(Records for this exercise Opens)

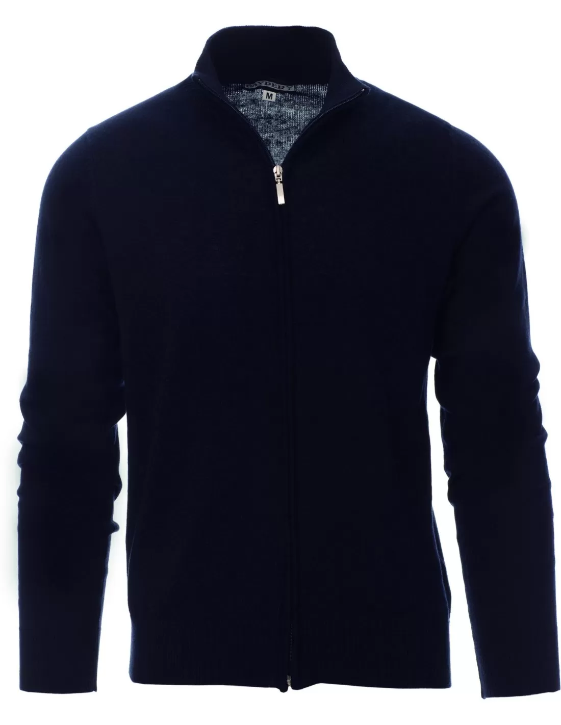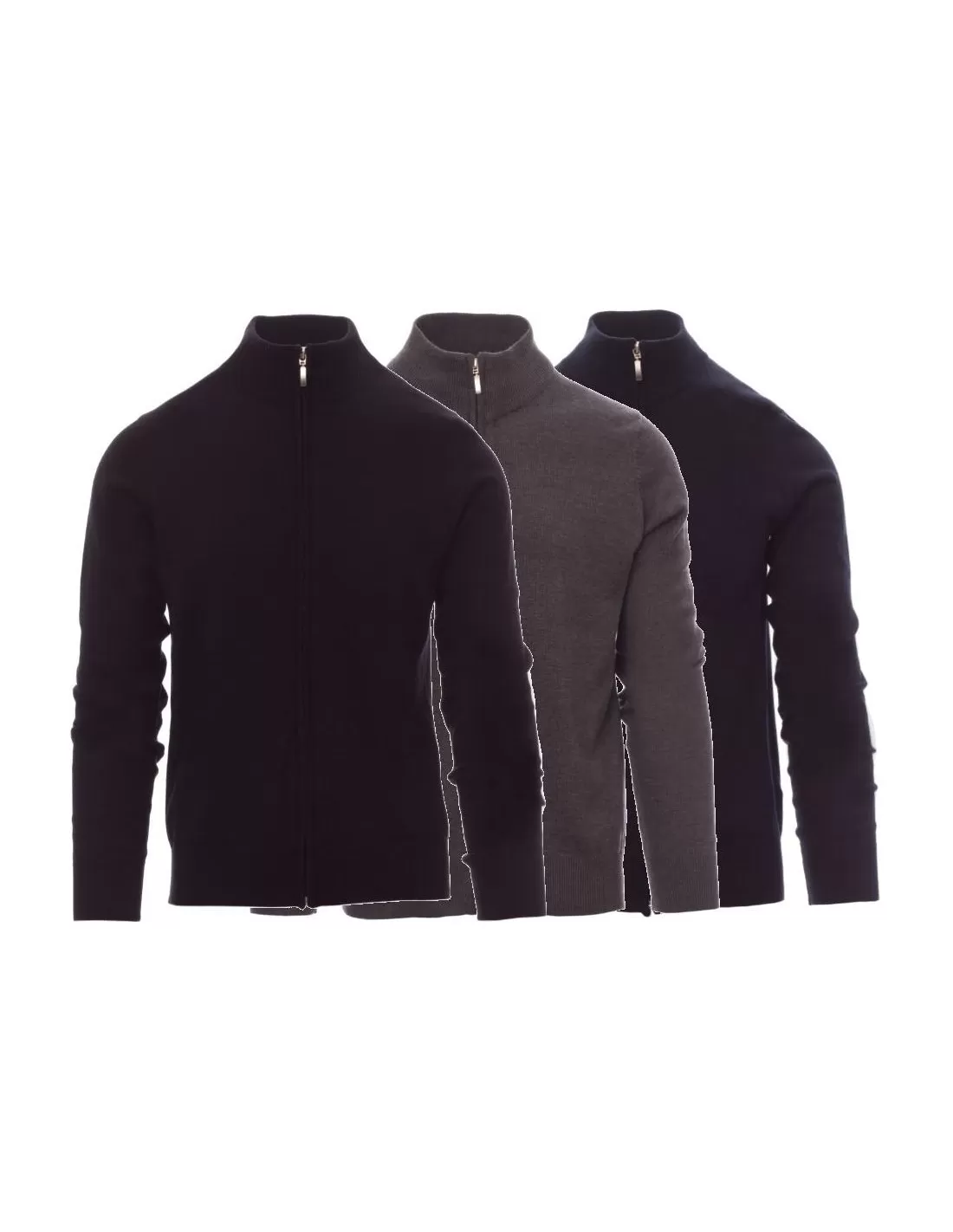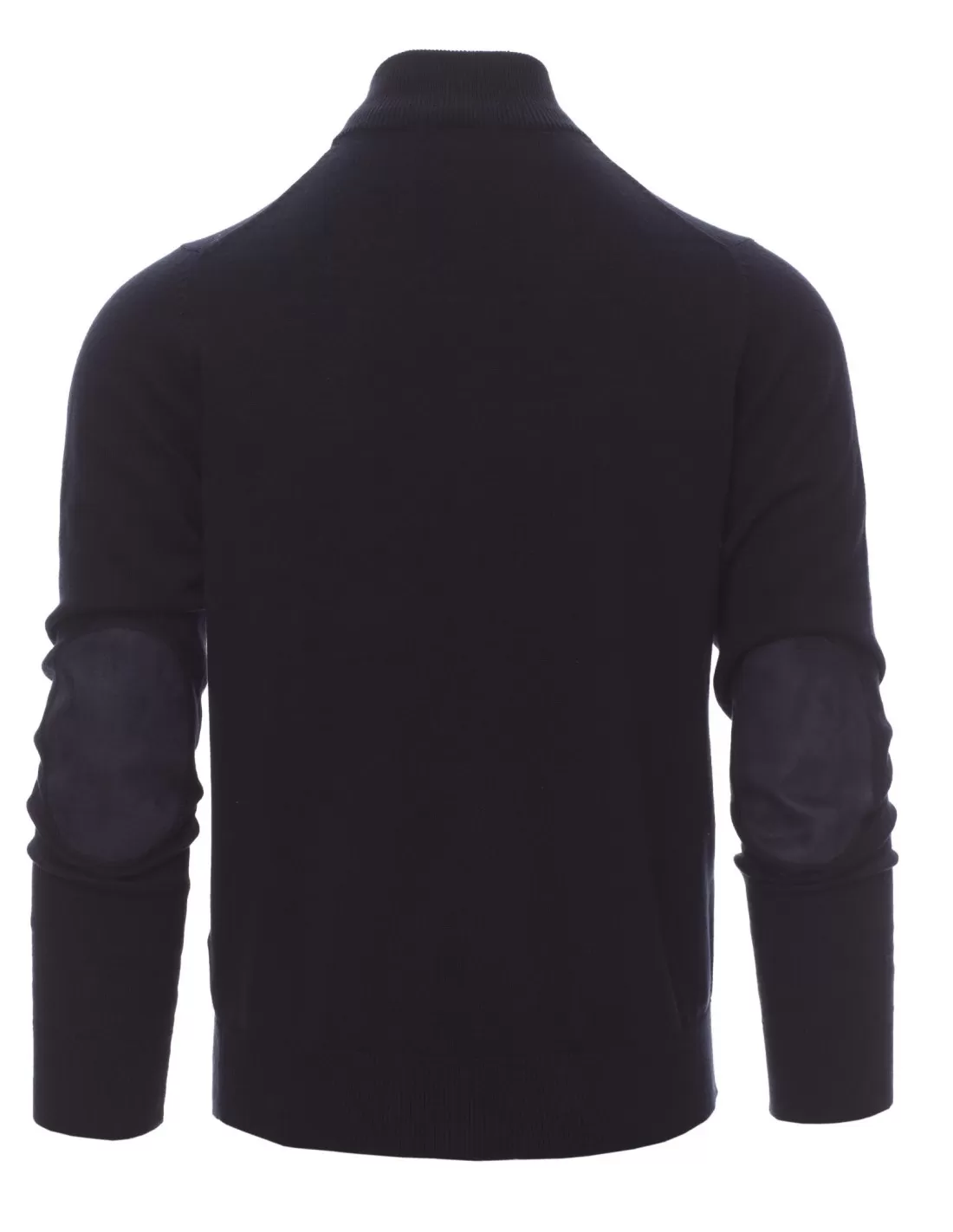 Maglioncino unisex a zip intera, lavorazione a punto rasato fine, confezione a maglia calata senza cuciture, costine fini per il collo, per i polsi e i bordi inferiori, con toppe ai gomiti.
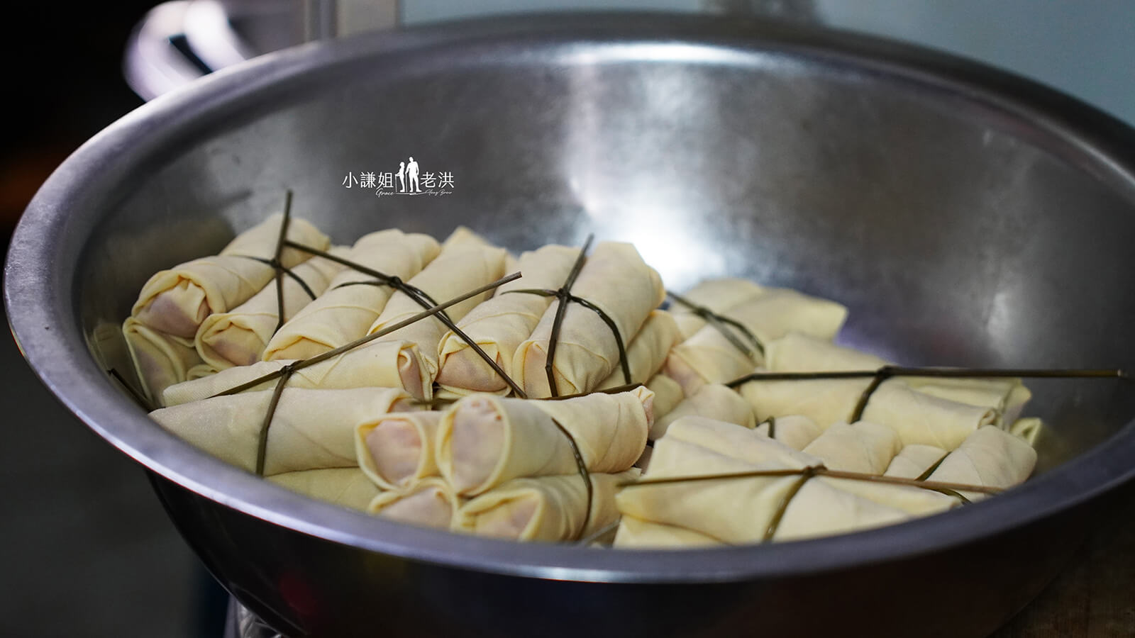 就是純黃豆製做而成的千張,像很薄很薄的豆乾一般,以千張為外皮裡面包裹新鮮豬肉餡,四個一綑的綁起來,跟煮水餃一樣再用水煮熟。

(Records for this exercise Closes)
(Records for this exercise Opens)

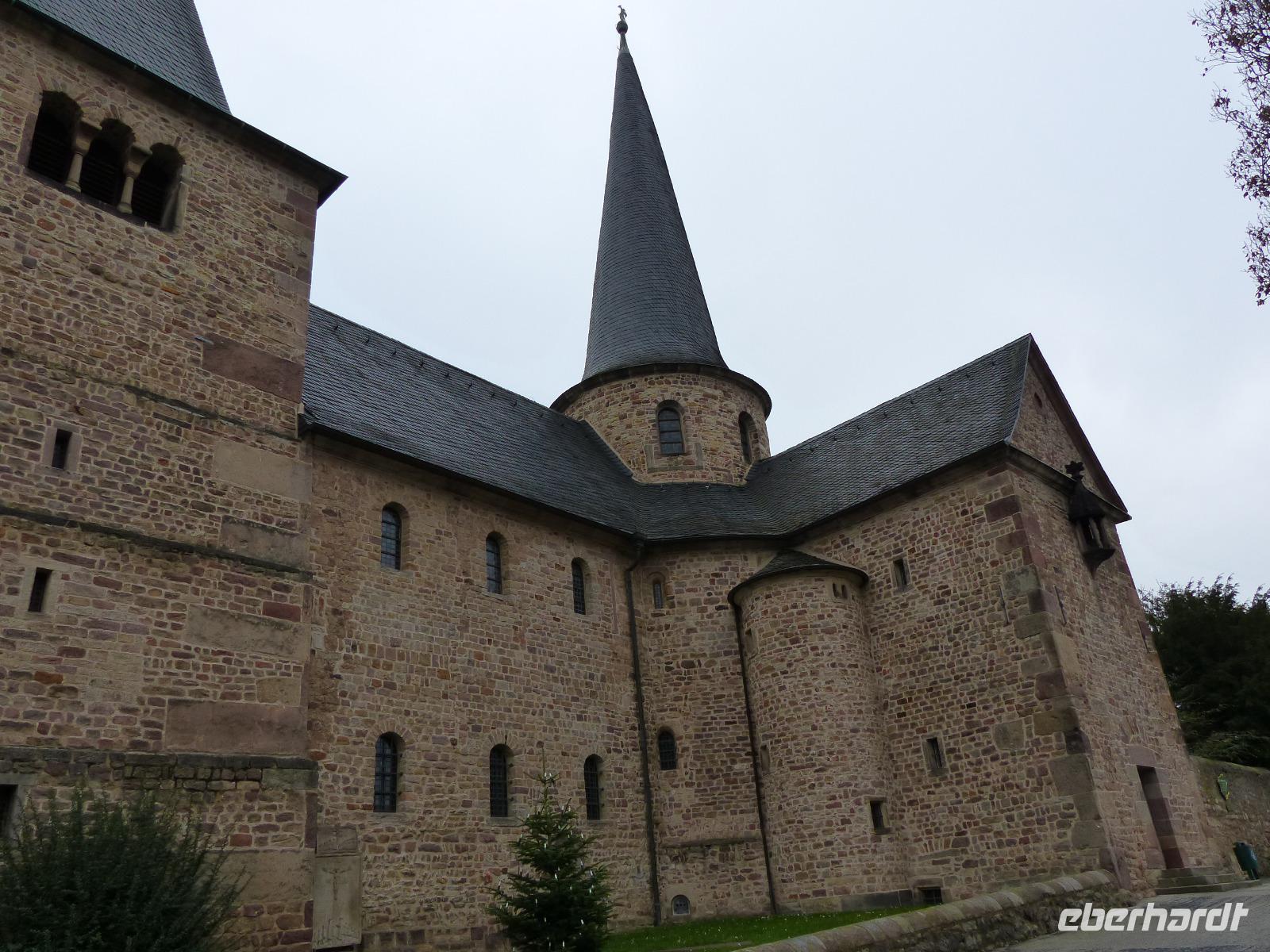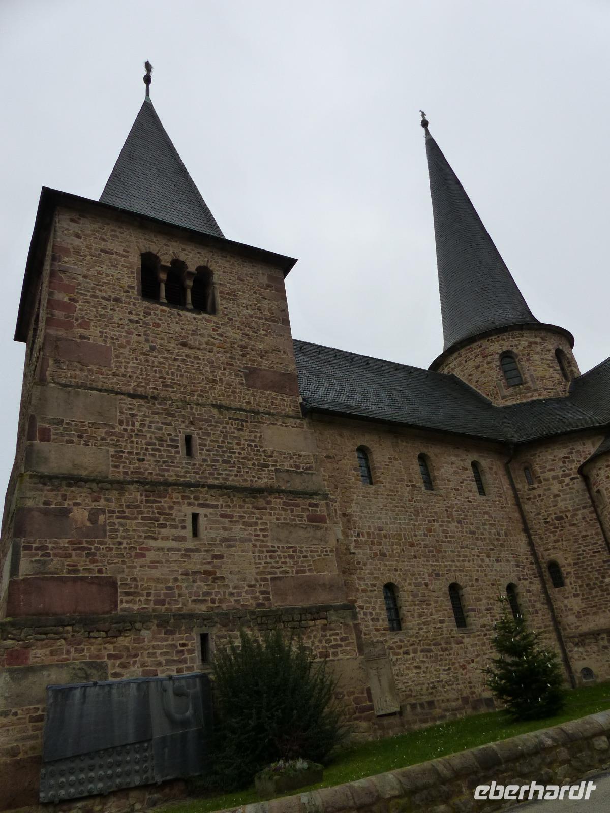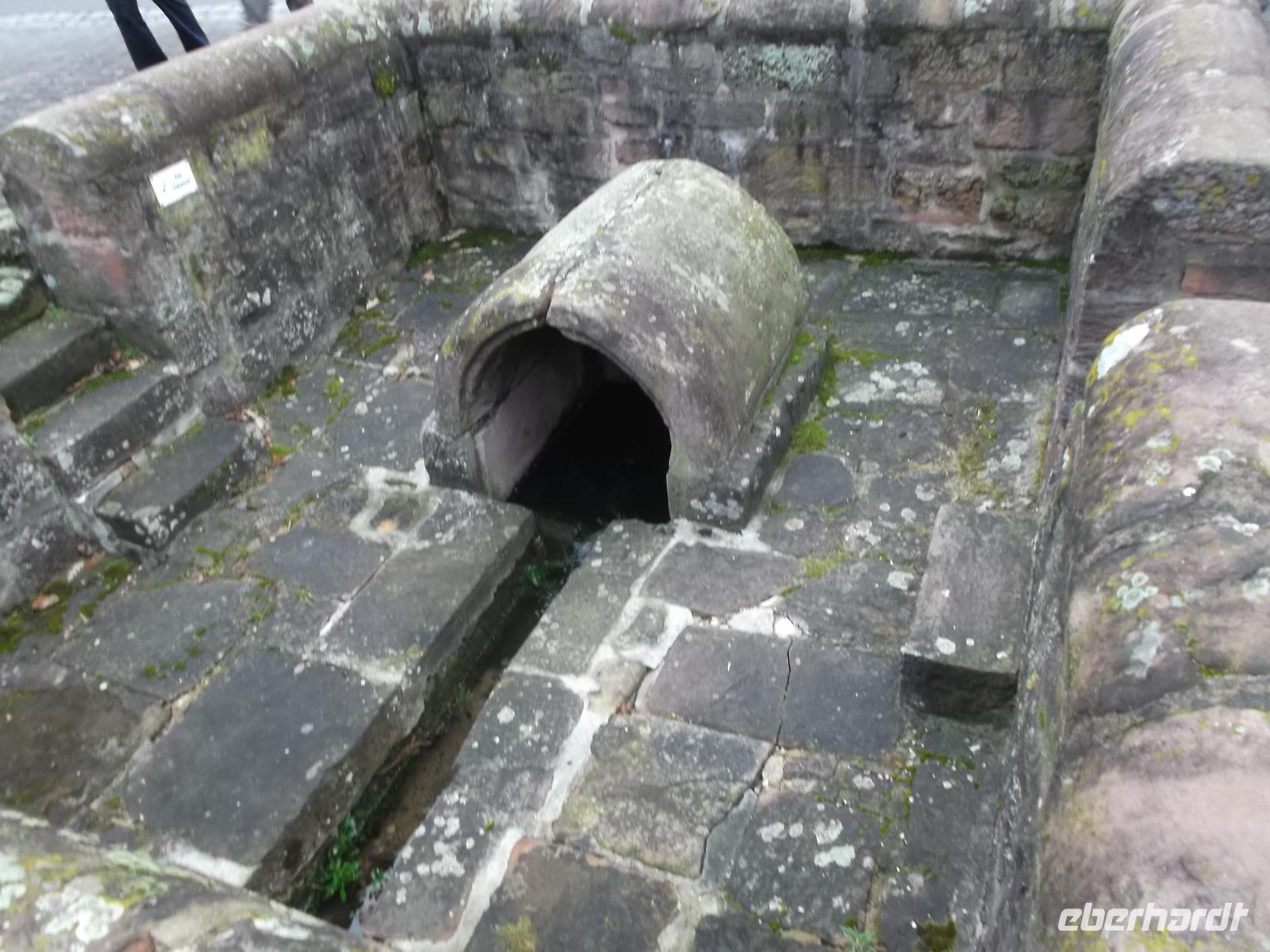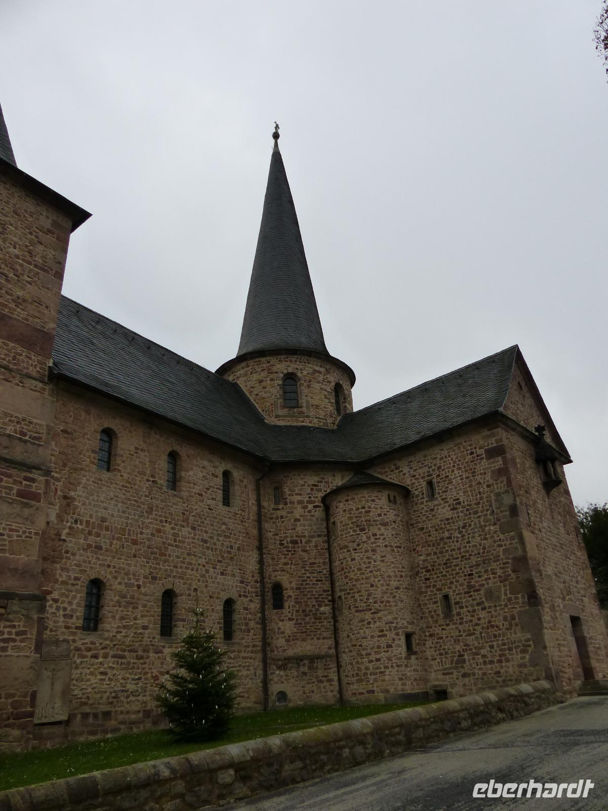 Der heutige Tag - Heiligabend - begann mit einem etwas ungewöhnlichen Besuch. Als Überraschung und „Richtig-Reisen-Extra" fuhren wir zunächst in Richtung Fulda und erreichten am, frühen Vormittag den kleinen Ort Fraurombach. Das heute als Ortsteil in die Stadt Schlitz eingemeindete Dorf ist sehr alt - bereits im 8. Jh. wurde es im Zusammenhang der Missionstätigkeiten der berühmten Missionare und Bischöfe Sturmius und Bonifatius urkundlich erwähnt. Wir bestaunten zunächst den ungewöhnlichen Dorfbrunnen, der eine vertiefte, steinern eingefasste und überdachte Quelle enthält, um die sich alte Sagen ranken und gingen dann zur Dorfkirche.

(Records for this exercise Closes)

Exercise: Above are records with pictures. Reproduce exactly only the lines from the line with "Maglioncino unisex a" through the line with "就是純黃豆製做而成的千張,像", both ends included, and leave the pictures out.

Result of this task:
 Maglioncino unisex a zip intera, lavorazione a punto rasato fine, confezione a maglia calata senza cuciture, costine fini per il collo, per i polsi e i bordi inferiori, con toppe ai gomiti.
 就是純黃豆製做而成的千張,像很薄很薄的豆乾一般,以千張為外皮裡面包裹新鮮豬肉餡,四個一綑的綁起來,跟煮水餃一樣再用水煮熟。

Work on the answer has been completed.